Their recommendations do not have the force of law. Nevertheless, workshop participants--including representatives of the American Nurses Assn., the major professional organization for registered nurses, and the National League for Nursing, which accredits nursing schools--are expected to wield considerable influence.

“This report will go out to the profession as a whole,” said Gebbie, a nurse who served on former President Ronald Reagan’s AIDS panel. “We want to mobilize the profession. We expect everyone to go back to their boards with it.”

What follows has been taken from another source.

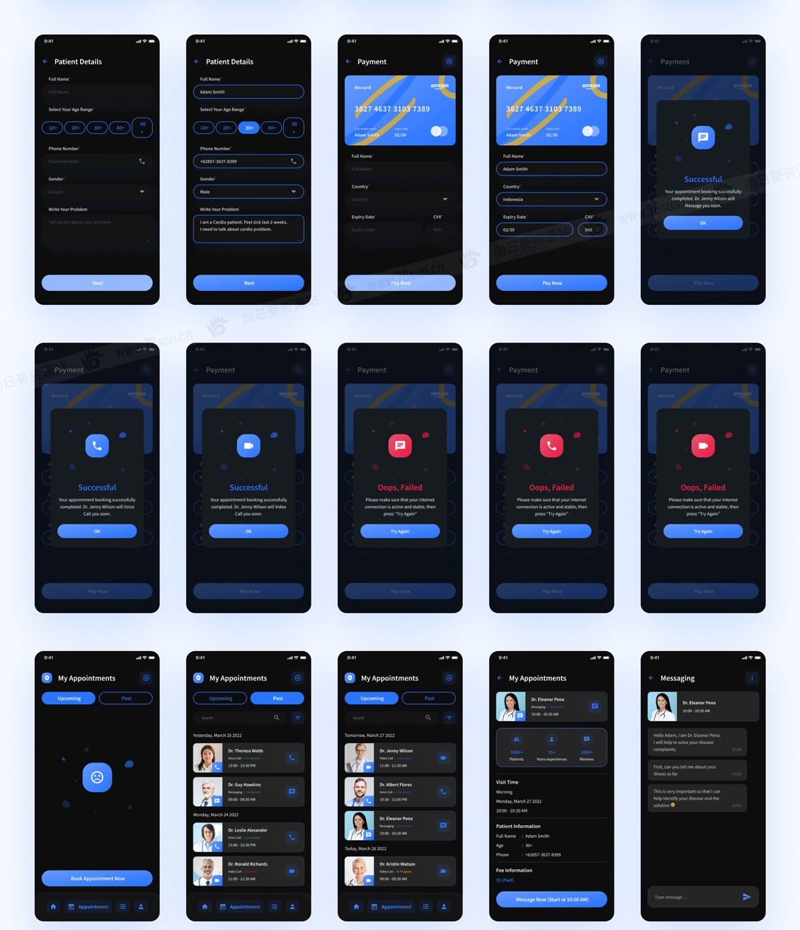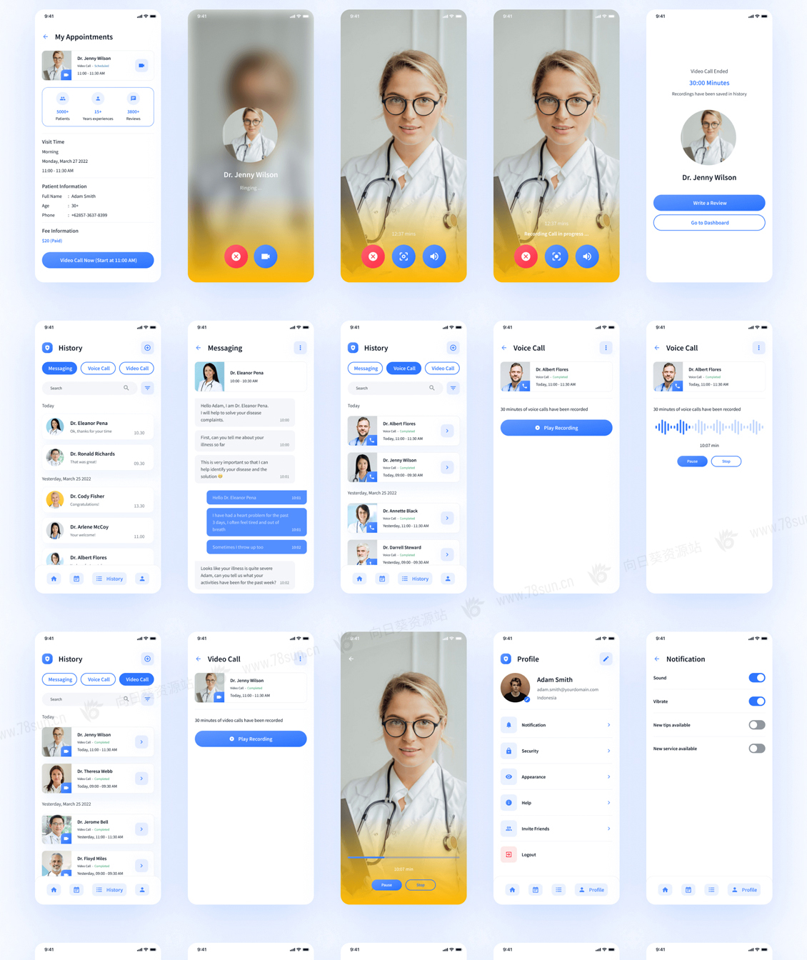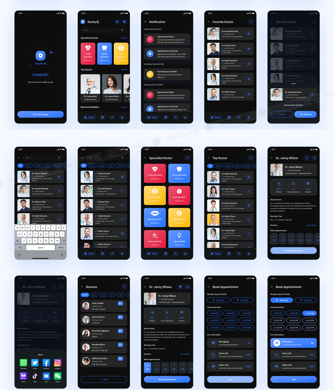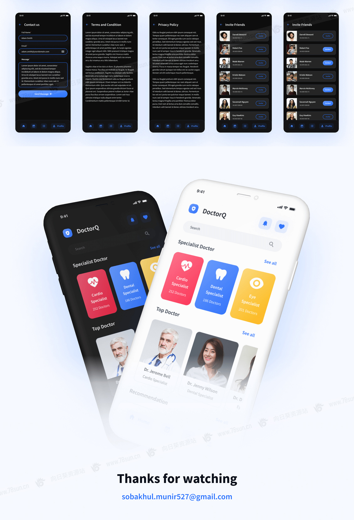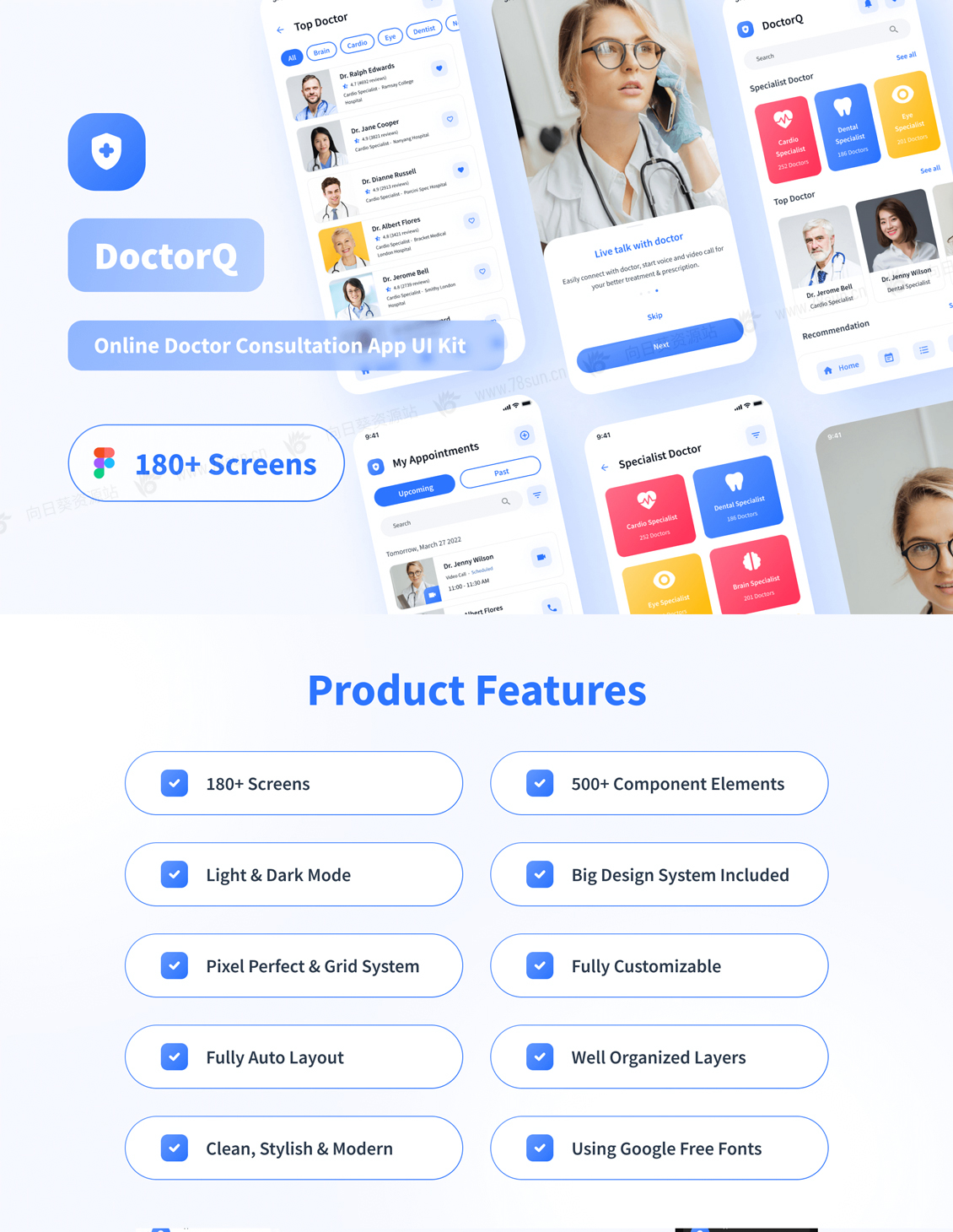 一个高级和高质量的在线医生咨询移动应用程序UI工具包,有182个屏幕,可高度定制。Figma提供设计。此外,该设计还配备了一个版本的明暗模式。

She said it is essential that nursing schools establish a model curriculum for AIDS, such as those established for other diseases and conditions. “For example, there is a standard set of stuff about newborn babies that every school in the country teaches,” Gebbie said. “You can’t graduate from any nursing school without learning this material. But there is no similar standard for what nurses need to know about HIV (human immunodeficiency virus) infection.”

Large cities that are centers of the epidemic already have developed such curricula in many of their schools, she said. But, “if you enrolled in a school of nursing in the middle of the country, where (AIDS) cases are lower, you might never see an AIDS-infected patient while you were a student and you might not have a faculty member who had ever cared for a patient with AIDS or HIV infection.”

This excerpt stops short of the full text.